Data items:
------------------------------------

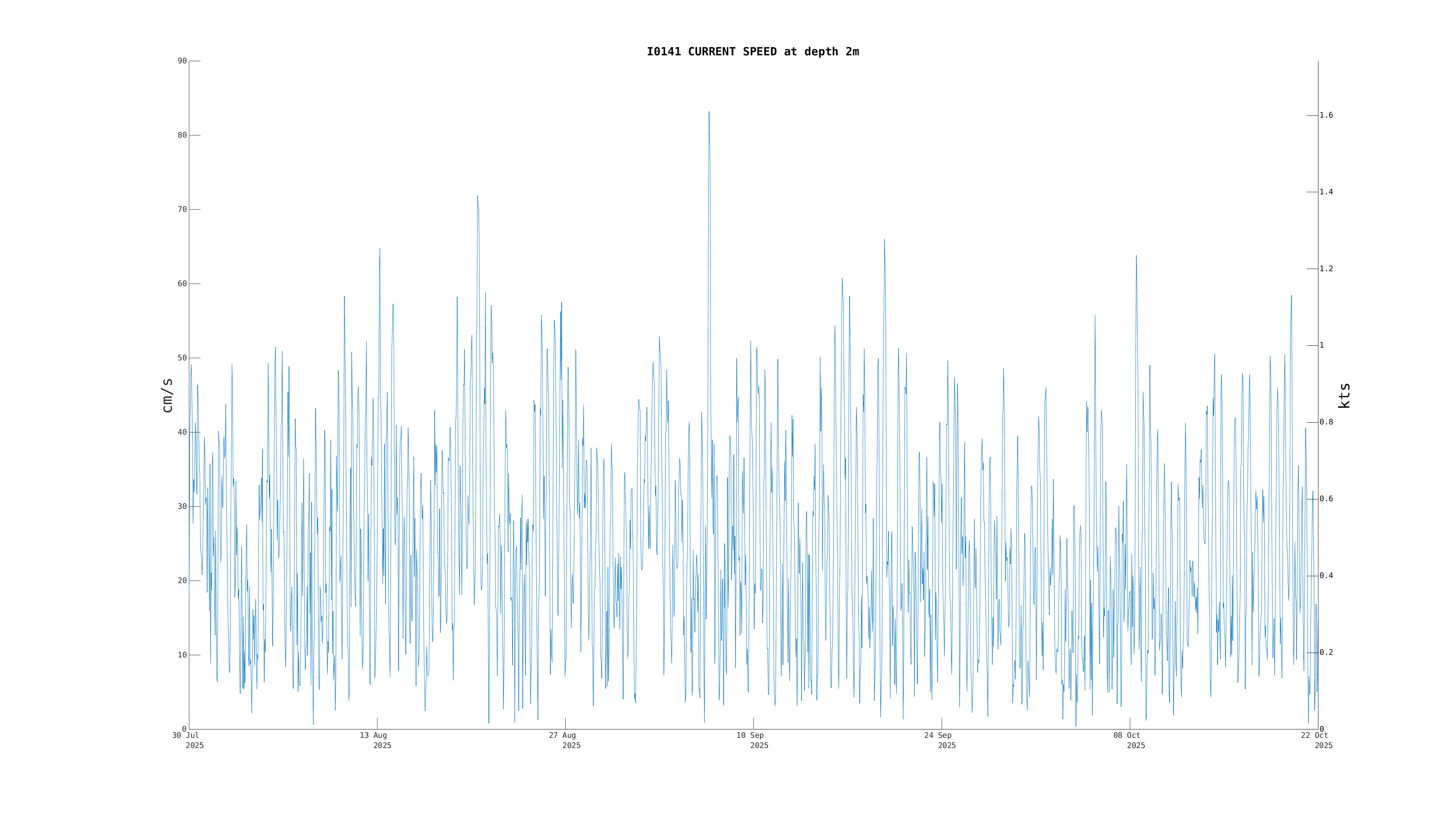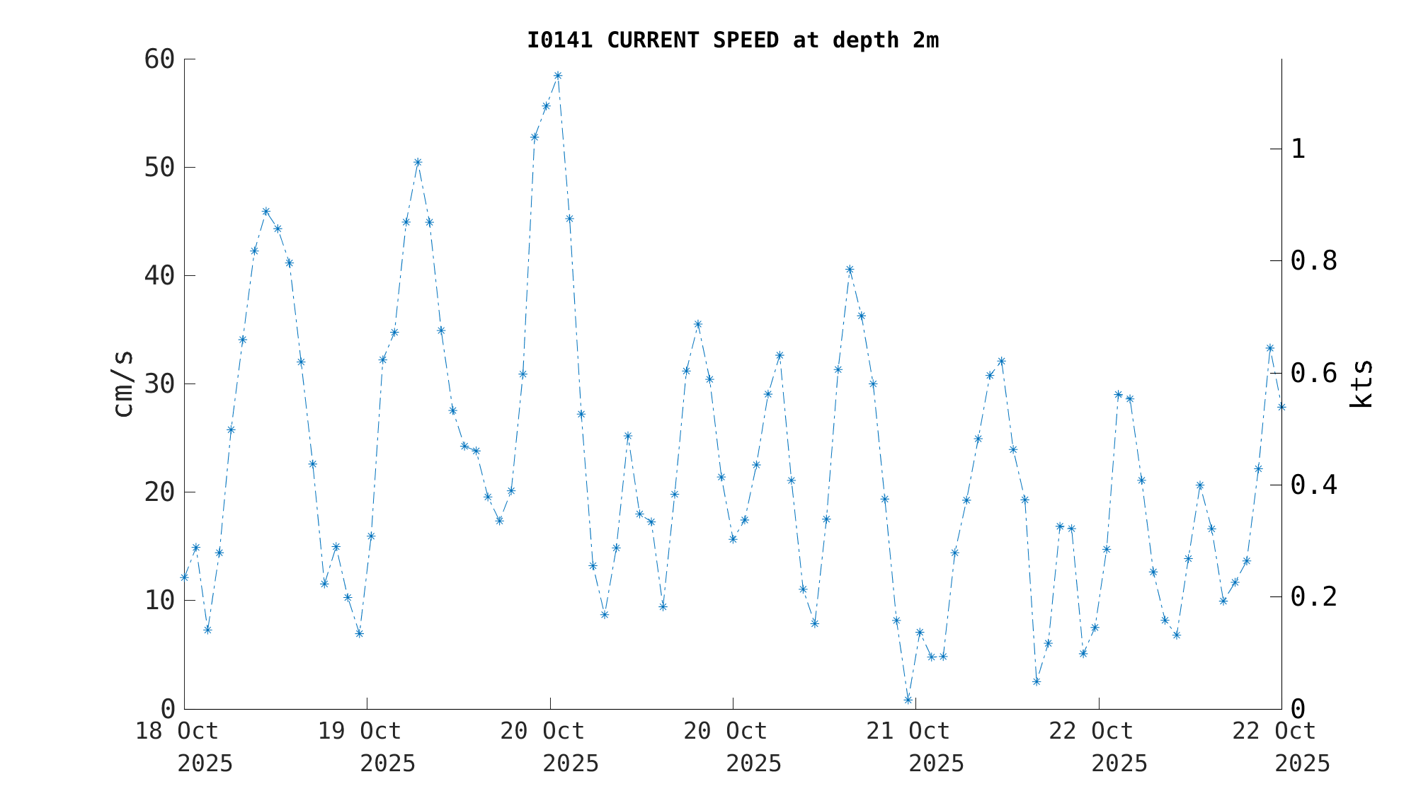 Current Speed (2m) | 22.2 cm/s (0.43 kts) | 2025-10-22 14:00:00 |
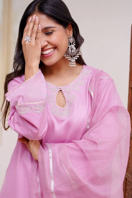 Iris lilac cotton satin kurta featuring a round keyhole neckline with silver zari dori embroidery and rose gold gota lace accents. Paired with wide leg pants adorned with rose gold zari dori embroidered hems and gota lace with organza panels.
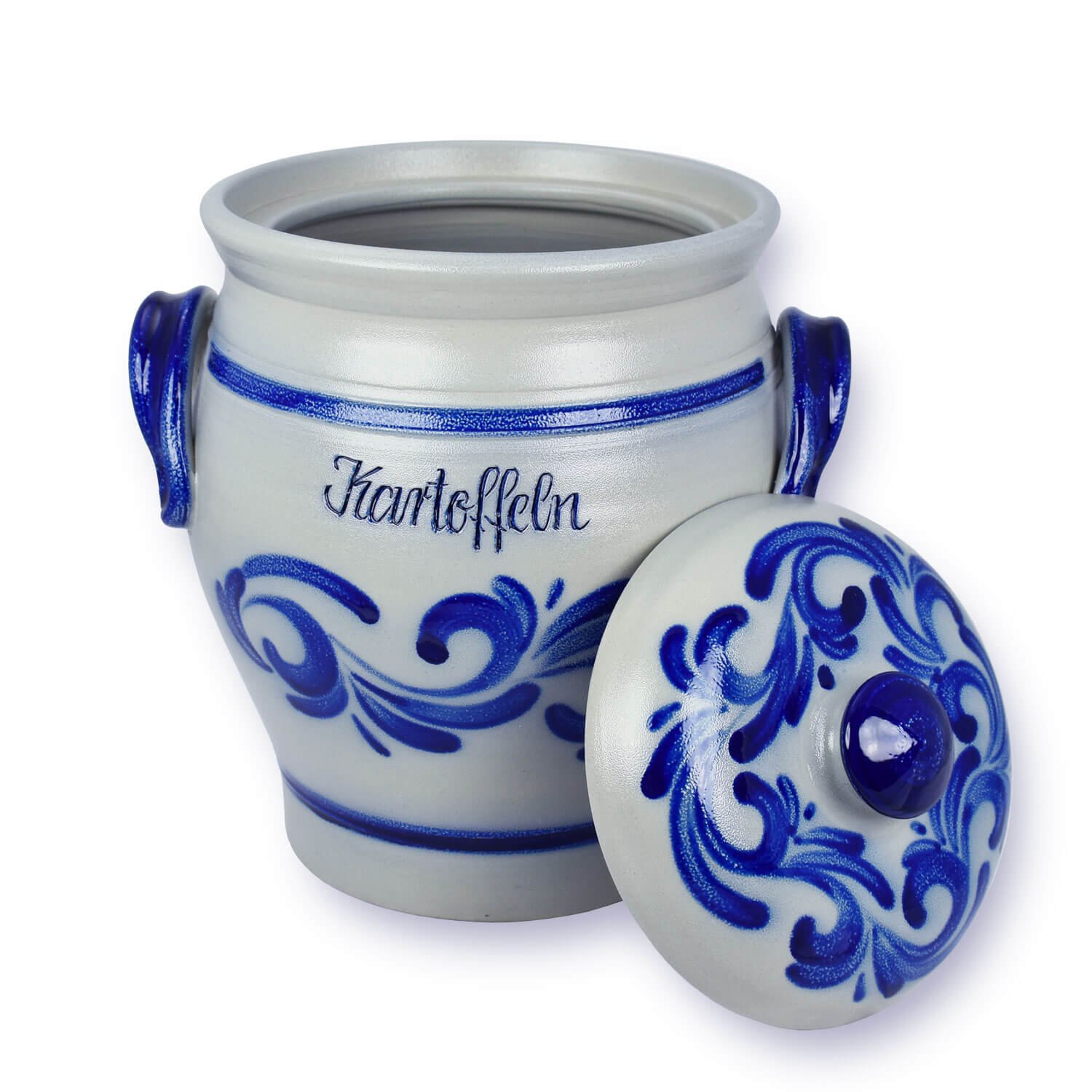 Verwöhnen Sie Ihre Kartoffeln und Ihre Küche mit unserem handgefertigten blauen Kartoffeltopf aus salzglasiertem Westerwald-Keramik mit Keramikdeckel - der perfekte Begleiter für frische und schmackhafte Kartoffeln.
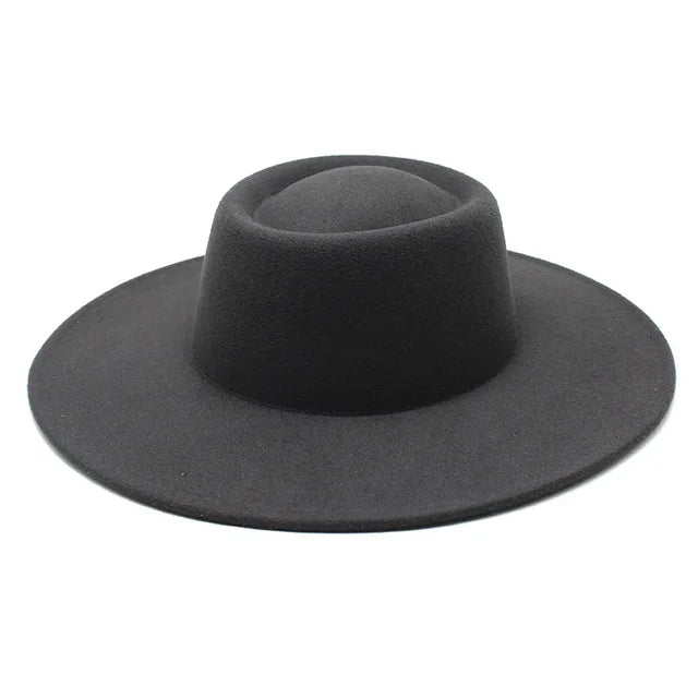 Classic British Style Big Wide Brim Fedora Hat For Women Winter Felt
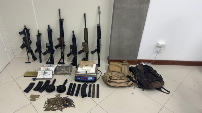Uma investigação da Polícia Civil da Bahia resultou na apreensão de seis fuzis, uma submetralhadora e mais de mil munições em um ‘bunker’ no Caji, em Lauro de Freitas, na RMS (Região Metropolitana) a 18 km de Salvador, utilizado por traficantes para guardar armas e drogas. A ação ocorreu entre a noite de quinta-feira, 11/7, e a madrugada desta sexta-feira, 12, e foi realizada por equipes do Depom (Departamento de Polícia Metropolitana) e da v(Coordenação de Operações e Recursos Especiais).
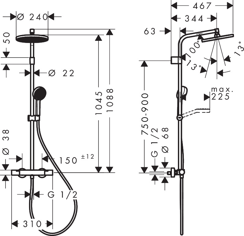 De geïntegreerde thermostaat met Ecostat Fine zorgt voor een veilige en constante watertemperatuur, met een veiligheidsblokkering bij 40 graden om verbranding te voorkomen. De handdouche biedt twee straalsoorten, Rain en ImpactRain, die je eenvoudig wisselt via de handige Select-knop. Het schuifstuk is in hoogte verstelbaar en vergrendelbaar, zodat je de douchekop altijd op de juiste plek hebt. Bovendien is het systeem uitgerust met een kogelgewricht, waardoor je de hoofddouche in elke gewenste hoek kunt draaien. Deze slimme functies maken douchen niet alleen comfortabel, maar ook veilig en gebruiksvriendelijk.Kenmerken:
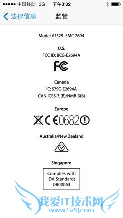 废话少说,我们现在便来实际操作 一下。第一步需要确认自己手上iPhone 5s/5c的版本,我们可以通过背部的文字或进入设置-通用-关于手机-法律信息-监管查看,必须是A1530(5s)或A1529(5c)这两个型号才 可以顺利破解。我们拿到的是香港版本iPhone 5c进行破解操作。
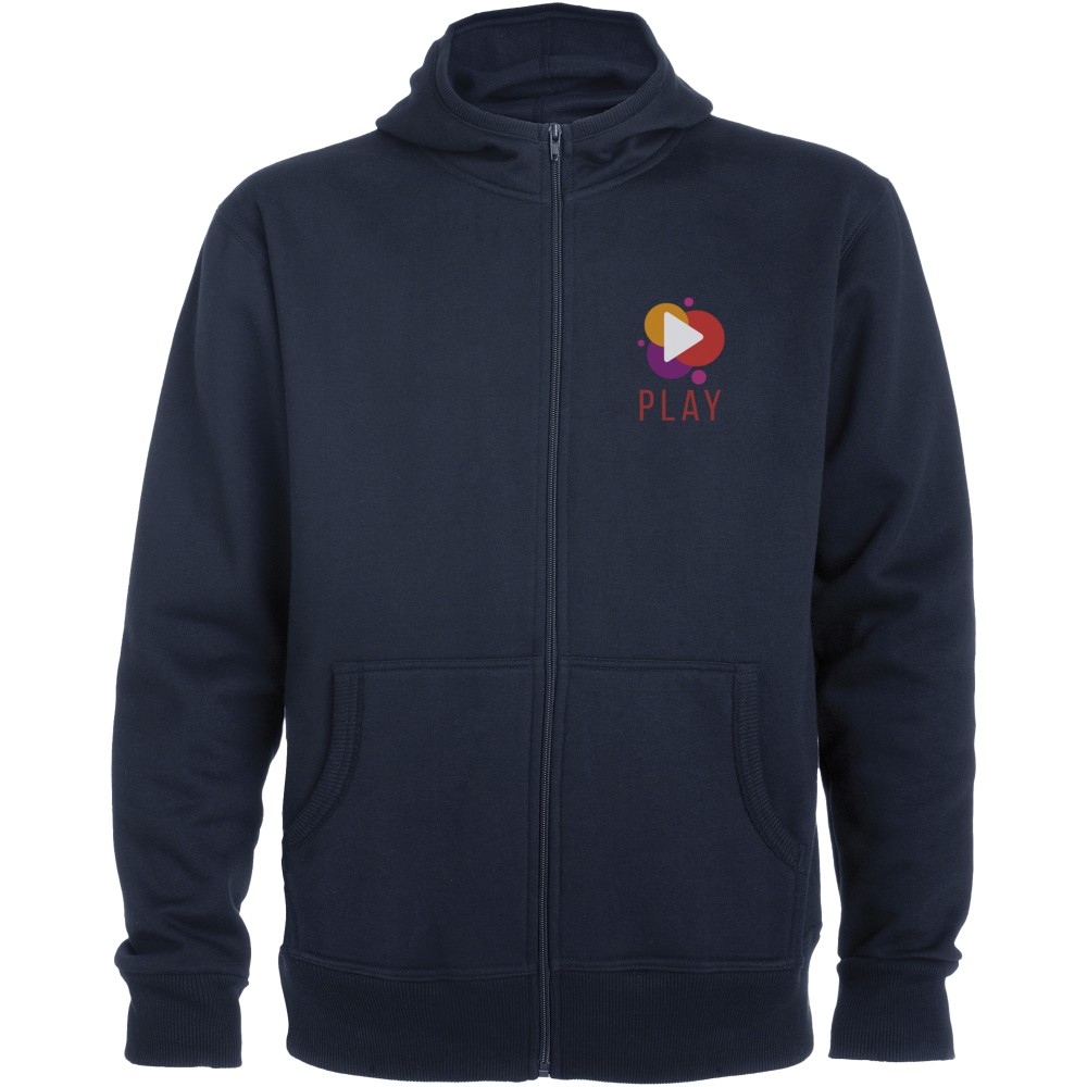 Magasnyakú, kapucnis pulóver teljes cipzárral. Bordázott részletek a kapucni és a zsebek szélén. Kenguru stílusú zseb. 2x2-es bordás kézelő és nyakpasszé. Gyerekméretekben is kapható. 50% pamut és 50% poliészter, 280 g/m2. Emblémázás: Hímzés, Szitanyomás
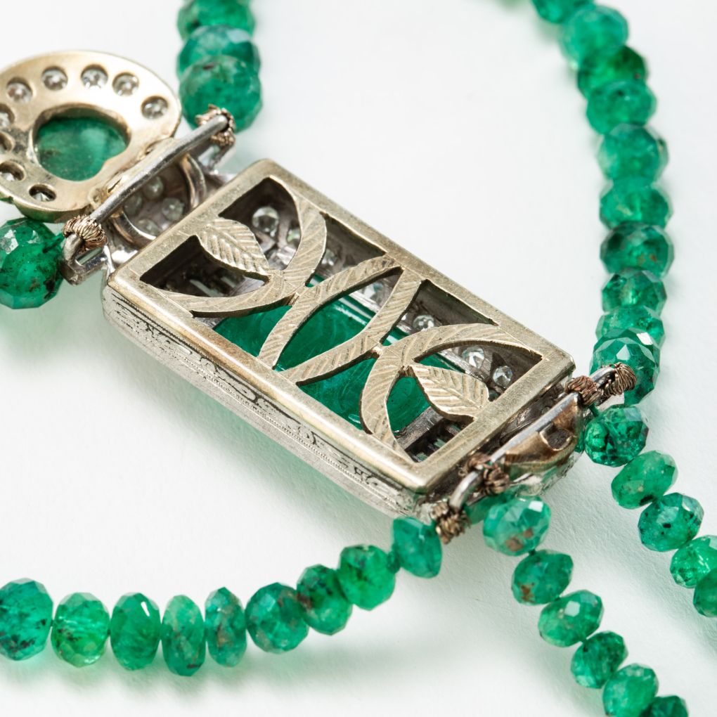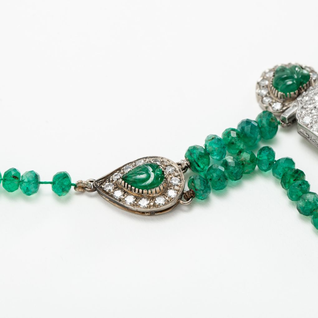 Questa collana unica nasce in pieno stile Liberty e porta con sé vari motivi ispirati dal mondo vegetale e floreale. La collana presenta 158 sfere sfaccettate, intagliate artigianalmente, per un totale complessivo di 31,6 carati di smeraldi naturali a misura indiretta. Al centro vi è uno smeraldo da 5 carati contornato di diamanti. Altri 5 smeraldi sono tagliati a forma ovale, a goccia e a forma di foglia, per un complessivo di 5,5 carati a misura indiretta.
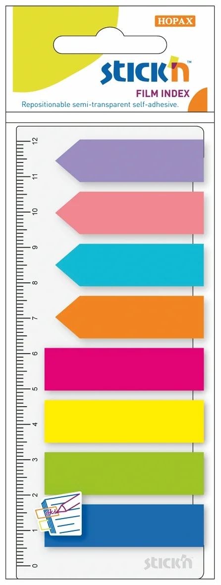 Клейкие закладки пластиковые Stick'n 45х12мм, 8цветов по 25 листов, неоновые
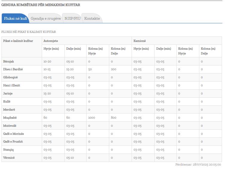 Qendra Kombëtare për Menaxhim Kufitar ka përditësuar të dhënat e fundit.
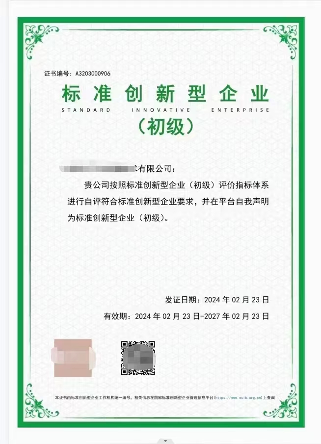 标准创新型企业证书
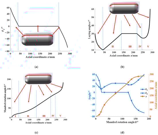 Variation curve of the placement process parameters: (a) variation curve of ; (b) variation curve of the laying angle ; (c) variation curve of mandrel rotation angle ; (d) variation curves for each process parameter based on the mandrel rotation angle .
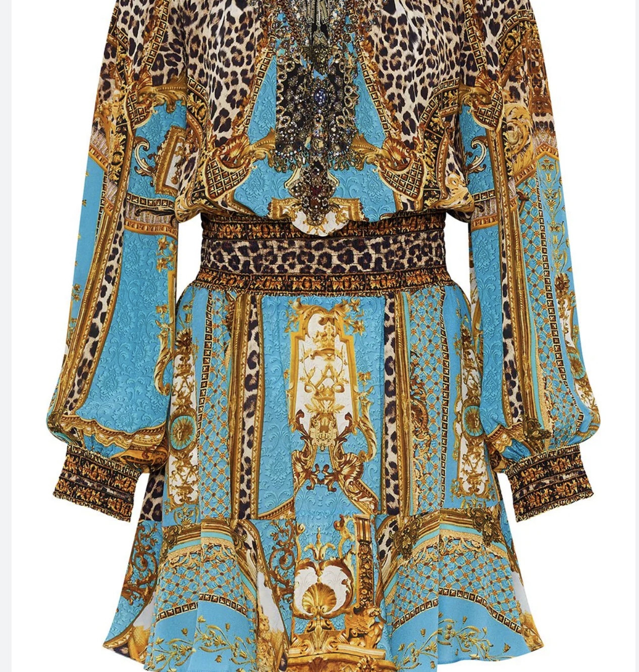 Camilla luxury designer dresses are vibrant, bohemian creations featuring intricate prints, embellishments, and flowing silhouettes, inspired by global travel and exotic cultures.
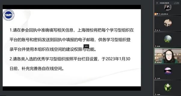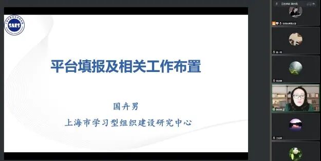 上海市学习型组织建设研究中心国卉男对平台填报及相关工作进行了布置。一是回执的填报,后台将根据相关信息发送各组织的账号与密码;二是完善在线空间及相关资料的填报与提交,各类入选的优秀学习型组织按照平台栏目设置进一步补充完善在线空间,并提交相关案例照片;三是管理群的建设,后期将在群内发送平台操作手册与指导视频及进行相关工作交流等。
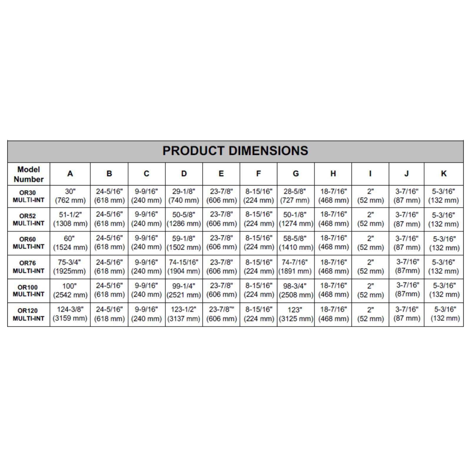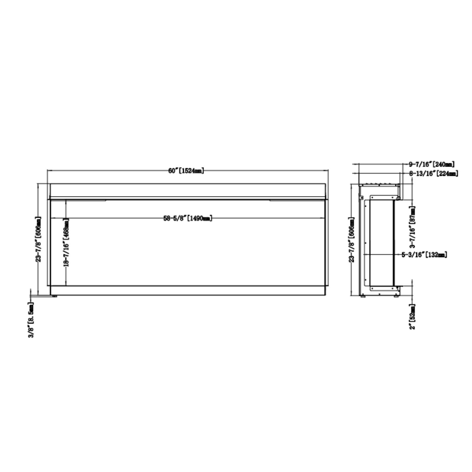 60 Inch: 466mm H x 1524mm W x 160mm D |
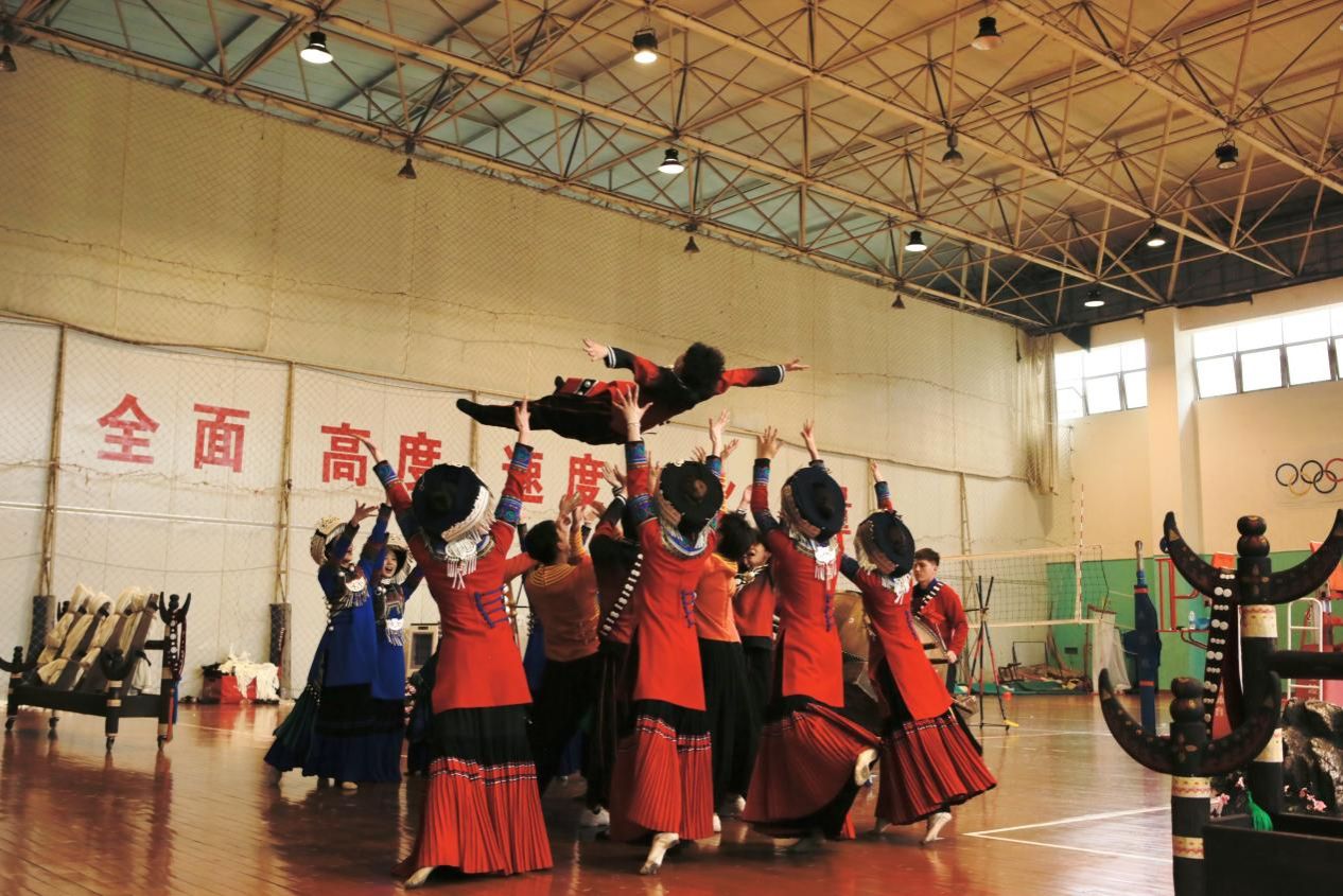 中华人民共和国第十二届少数民族传统体育运动会(以下简称:第十二届全国民族运动会)四川省代表团表演项目于6月1-27日组织进行了第一阶段排练工作。6月28日上午,四川省民族宗教事务委员会文化宣传与外事联络处三级调研员张德贵和四级调研员刘瑜、卢国宾到万象城就第十二届全国民族运动会四川省代表团表演项目第一阶段的完成情况进行检查,学校艺术学院领导班子及项目负责人陪同。

------------------------------------

■ **What the task asks**
Copy nothing but the lines above that run from the one with "Qendra Kombëtare për" to the one with "Camilla luxury designer", ends included; pictures stay out.

■ **Answer for the task**
 Qendra Kombëtare për Menaxhim Kufitar ka përditësuar të dhënat e fundit.
 标准创新型企业证书
 Variation curve of the placement process parameters: (a) variation curve of ; (b) variation curve of the laying angle ; (c) variation curve of mandrel rotation angle ; (d) variation curves for each process parameter based on the mandrel rotation angle .
 Camilla luxury designer dresses are vibrant, bohemian creations featuring intricate prints, embellishments, and flowing silhouettes, inspired by global travel and exotic cultures.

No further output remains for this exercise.